Every line of the material is to be quoted verbatim, minus the pictures.

Data records:
[Start of section]
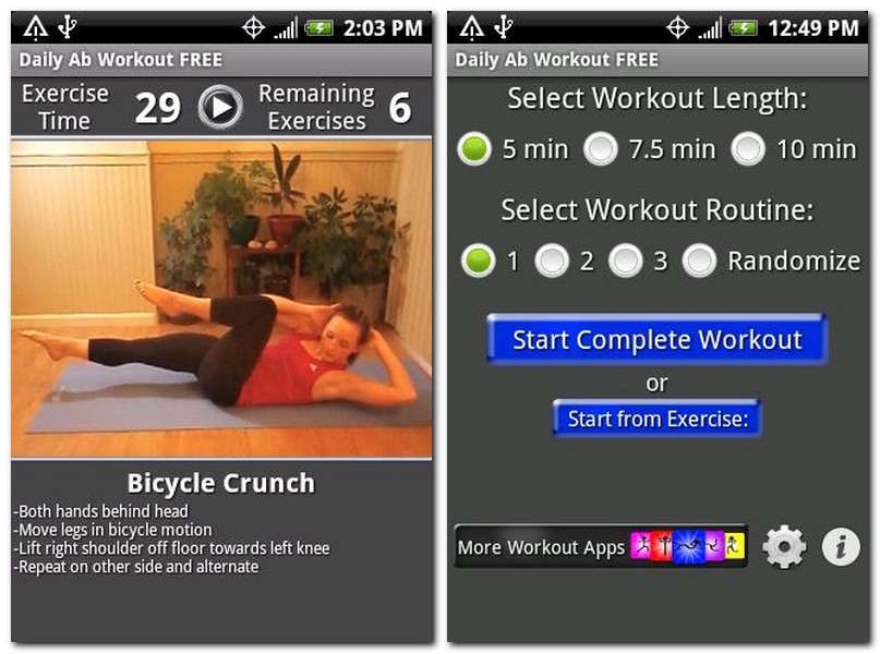Zu Beginn muss der Zeitrahmen, in dem man die Übungen absolvieren möchte, festgelegt werden: Zur Auswahl stehen hier fünf, siebeneinhalb oder zehn Minuten, je nach Grundfitness. Außerdem gibt es drei verschiedene Übungen. Gestartet werden kann danach entweder das komplette Workout oder, wenn man nicht so viel Zeit hat, auch nur einzelne Übungen. Diese werden in einer bebilderten Liste angezeigt, so fällt auch die englische Sprache nicht ins Gewicht.
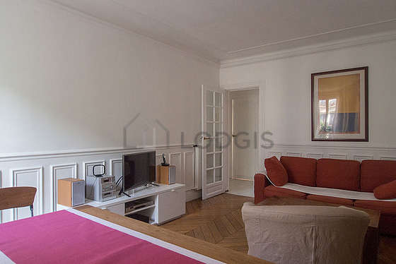 Cet appartement est composé d'un plaisant salon avec du parquet au sol et des fenêtres double vitrage et vue sur rue. Ce salon calme est meublé et équipé pour rendre votre séjour agréable : télé, canapé, 1 fauteuil(s), table à manger, table basse, etagère, cheminée, 4 chaise(s).
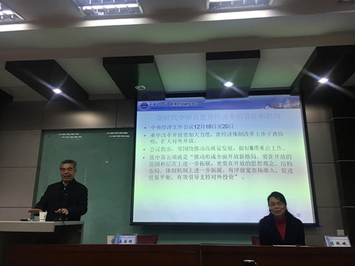 12月28日上午,厦门大学校长助理、博士生导师、著名世界经济问题专家庄宗明教授应邀来我院进行了题为“新时代的中国经济与世界经济”的专题讲座。讲座在金盆岭校区7号教学楼举行,学院部分教师和研究生聆听了讲座。
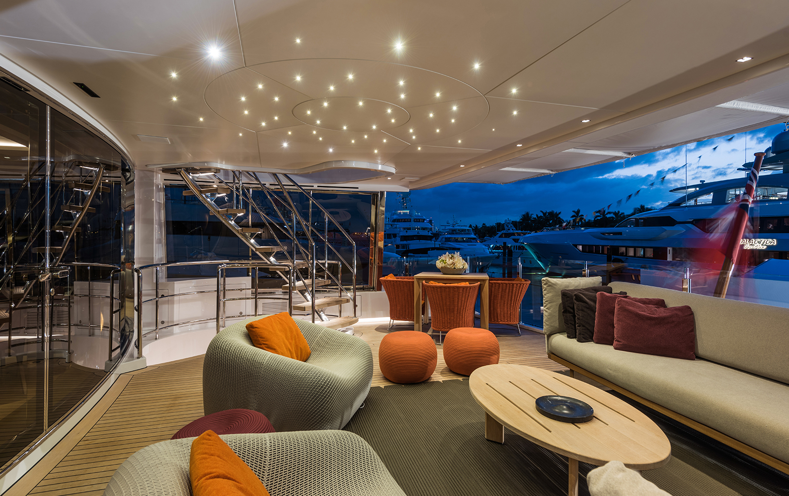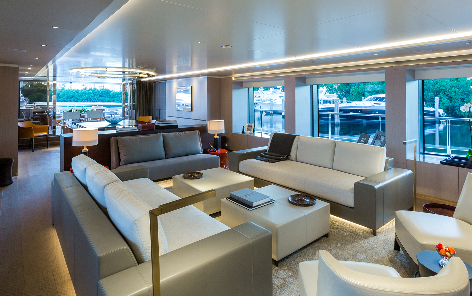 El arquitecto Ezequiel Farca desarrolló un concepto de diseño interior que fuera más allá de lo meramente estético para definir cada espacio por su propósito específico, tomando en cuenta el carácter familiar y social de sus habitantes habituales: “En este caso pudimos meternos a la distribución completa del barco y solucionar las necesidades del cliente; por ejemplo, hay un elevador que sube hasta el sundeck que está completamente al exterior, el cual generó cambiar escaleras y circulaciones”.
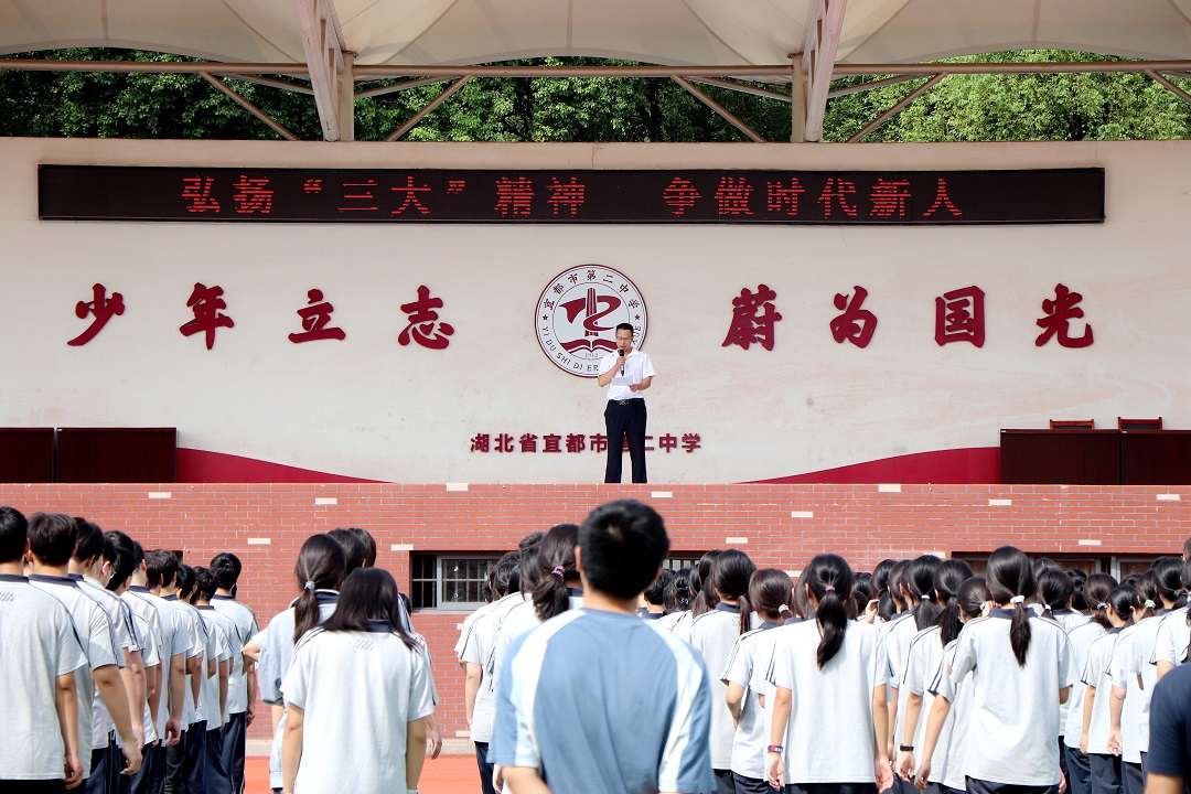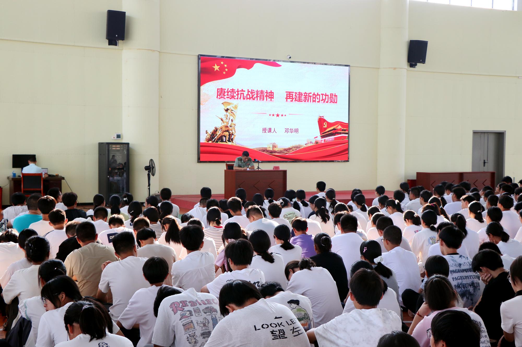 9月3日,为纪念中国人民抗日战争暨世界反法西斯战争胜利80周年,增强学生国防观念、厚植爱国情怀,宜都市二中特邀市人武部政治委员邓华明入校,为高一全体学生带来“赓续抗战精神,再建新的功勋”主题国防教育讲座。
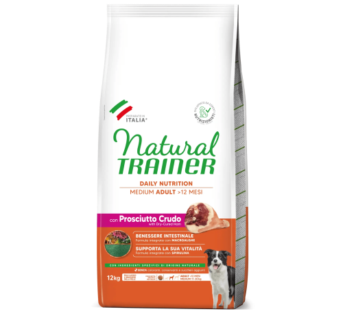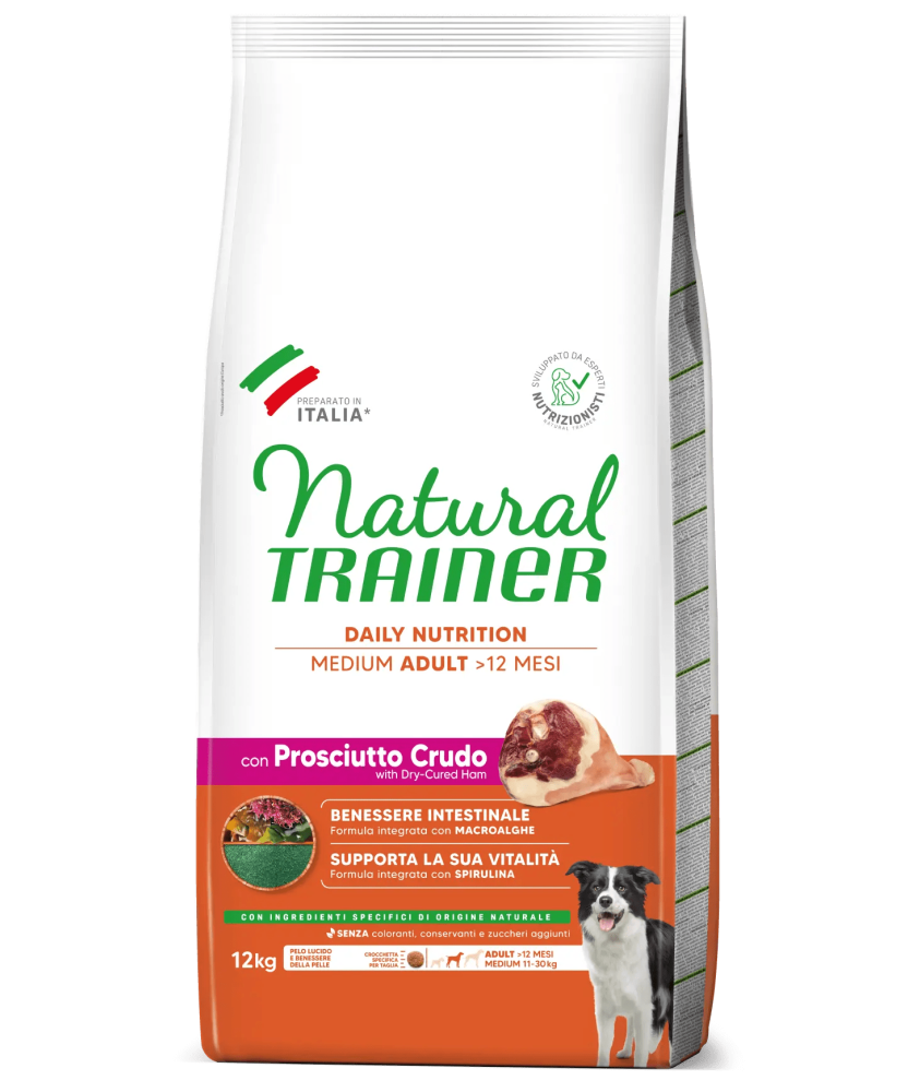 Trainer Natural Adult Medium con Prosciutto Crudo, Riso, Cicoria e Alga Spirulina è un alimento secco completo per cani adulti a partire da un anno di età e di taglia media (fino a 30 kg di peso). L ...
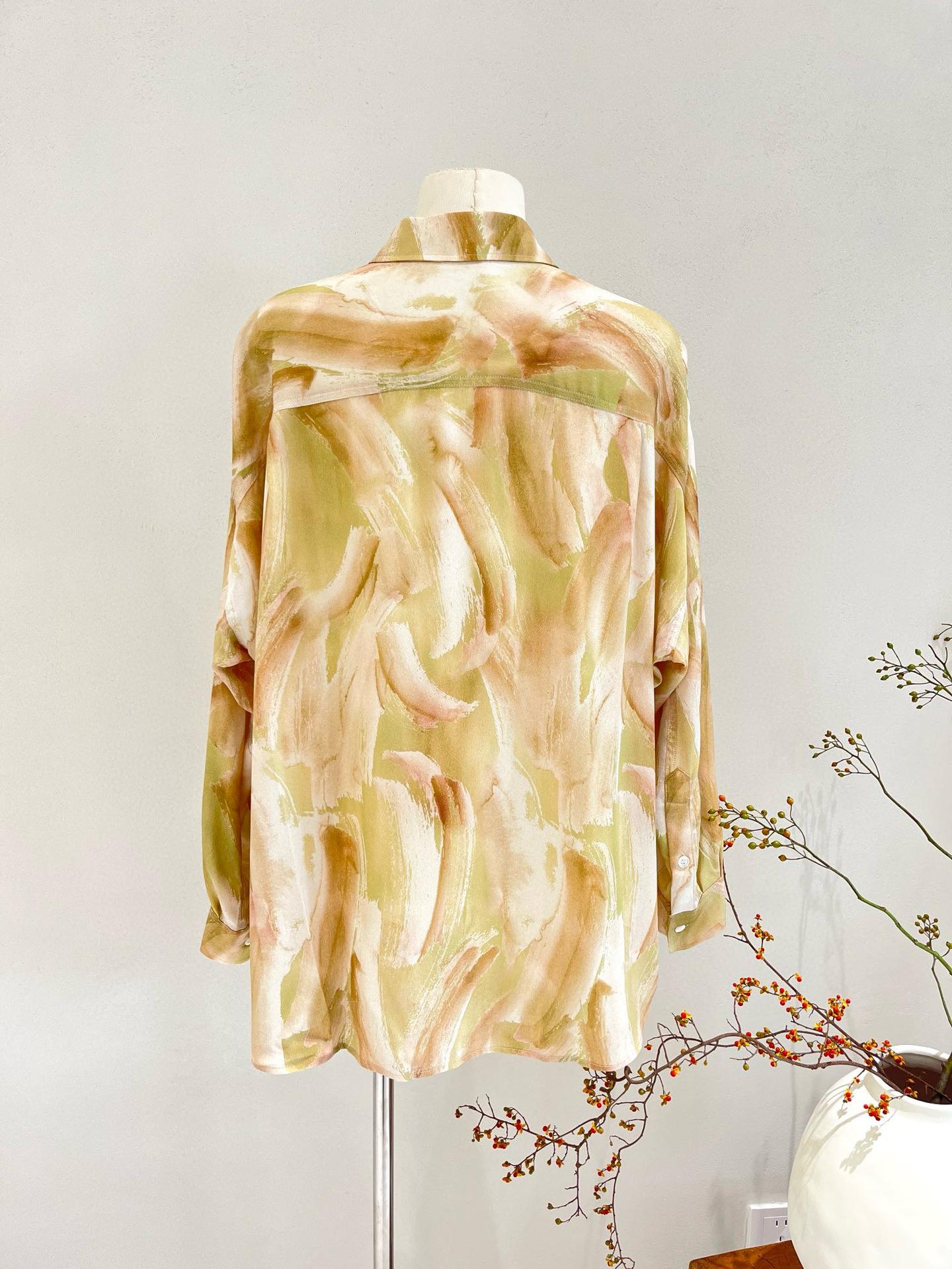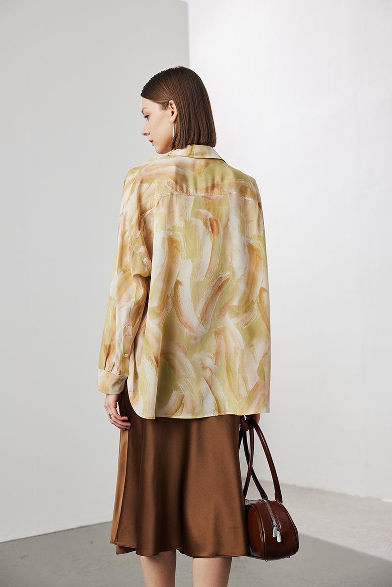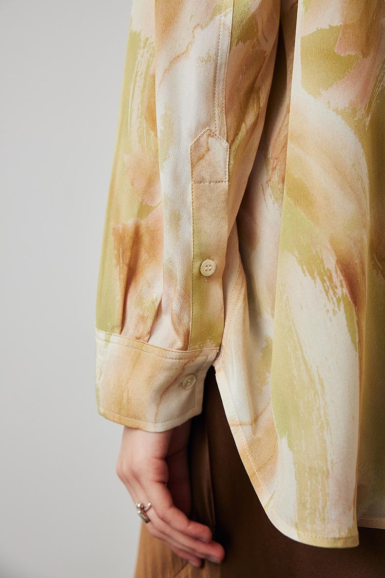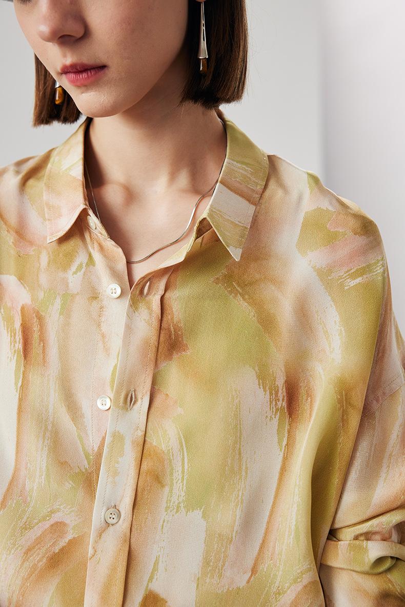Camisa de Seda para Mujer 2025 Primavera y Verano Nueva Estampada Crepé de China Oversize Casual Manga Larga Camisa 100% Seda de Morera
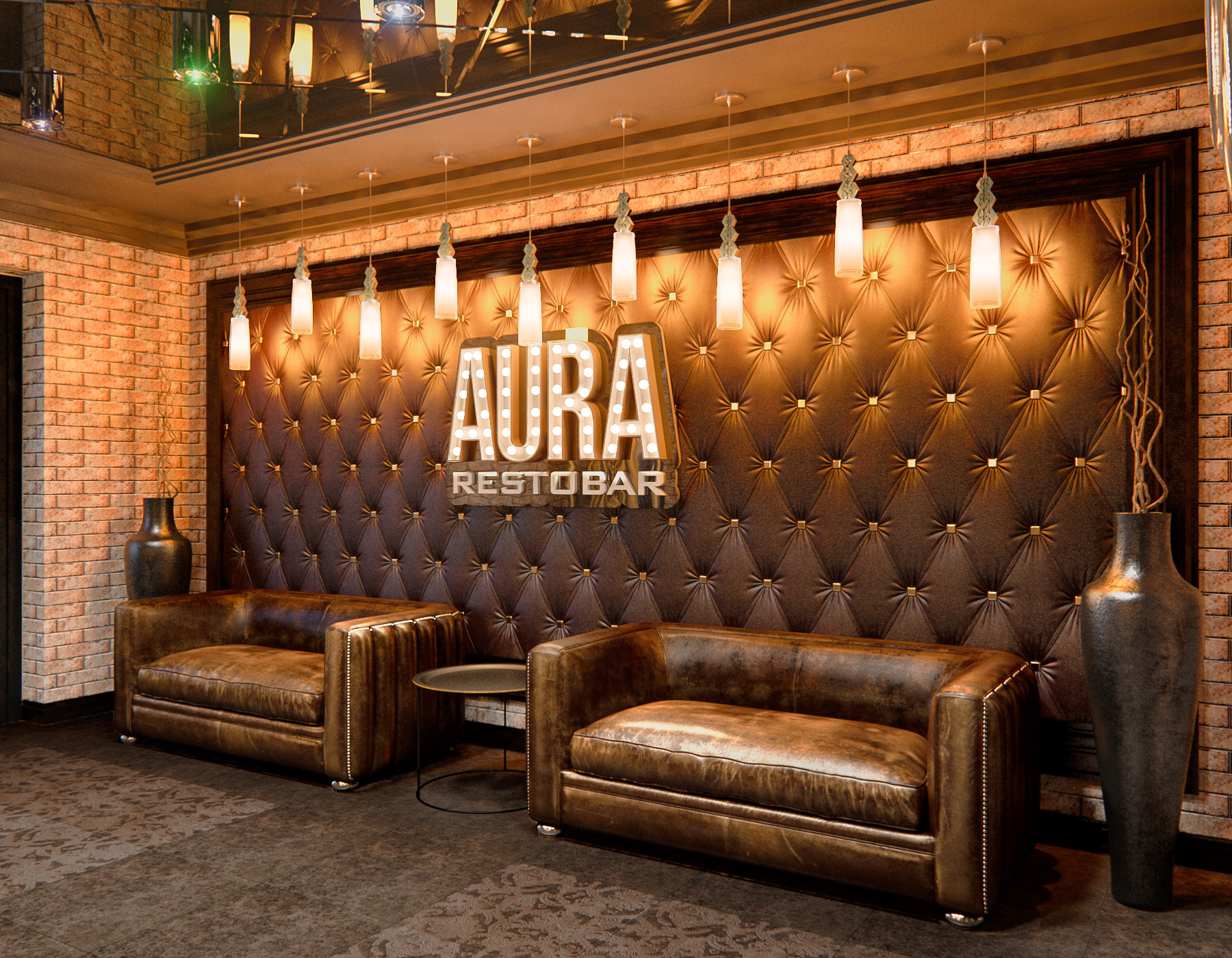 Видимо "рестобар" - используется только у нас в Казахстане ))) а кирпич конечно нужно делать объемным - эффект был бы другой
[End of section]
Exercise solution:
Zu Beginn muss der Zeitrahmen, in dem man die Übungen absolvieren möchte, festgelegt werden: Zur Auswahl stehen hier fünf, siebeneinhalb oder zehn Minuten, je nach Grundfitness. Außerdem gibt es drei verschiedene Übungen. Gestartet werden kann danach entweder das komplette Workout oder, wenn man nicht so viel Zeit hat, auch nur einzelne Übungen. Diese werden in einer bebilderten Liste angezeigt, so fällt auch die englische Sprache nicht ins Gewicht.
 Cet appartement est composé d'un plaisant salon avec du parquet au sol et des fenêtres double vitrage et vue sur rue. Ce salon calme est meublé et équipé pour rendre votre séjour agréable : télé, canapé, 1 fauteuil(s), table à manger, table basse, etagère, cheminée, 4 chaise(s).
 12月28日上午,厦门大学校长助理、博士生导师、著名世界经济问题专家庄宗明教授应邀来我院进行了题为“新时代的中国经济与世界经济”的专题讲座。讲座在金盆岭校区7号教学楼举行,学院部分教师和研究生聆听了讲座。
 El arquitecto Ezequiel Farca desarrolló un concepto de diseño interior que fuera más allá de lo meramente estético para definir cada espacio por su propósito específico, tomando en cuenta el carácter familiar y social de sus habitantes habituales: “En este caso pudimos meternos a la distribución completa del barco y solucionar las necesidades del cliente; por ejemplo, hay un elevador que sube hasta el sundeck que está completamente al exterior, el cual generó cambiar escaleras y circulaciones”.
 9月3日,为纪念中国人民抗日战争暨世界反法西斯战争胜利80周年,增强学生国防观念、厚植爱国情怀,宜都市二中特邀市人武部政治委员邓华明入校,为高一全体学生带来“赓续抗战精神,再建新的功勋”主题国防教育讲座。
 Trainer Natural Adult Medium con Prosciutto Crudo, Riso, Cicoria e Alga Spirulina è un alimento secco completo per cani adulti a partire da un anno di età e di taglia media (fino a 30 kg di peso). L ...
Camisa de Seda para Mujer 2025 Primavera y Verano Nueva Estampada Crepé de China Oversize Casual Manga Larga Camisa 100% Seda de Morera
 Видимо "рестобар" - используется только у нас в Казахстане ))) а кирпич конечно нужно делать объемным - эффект был бы другой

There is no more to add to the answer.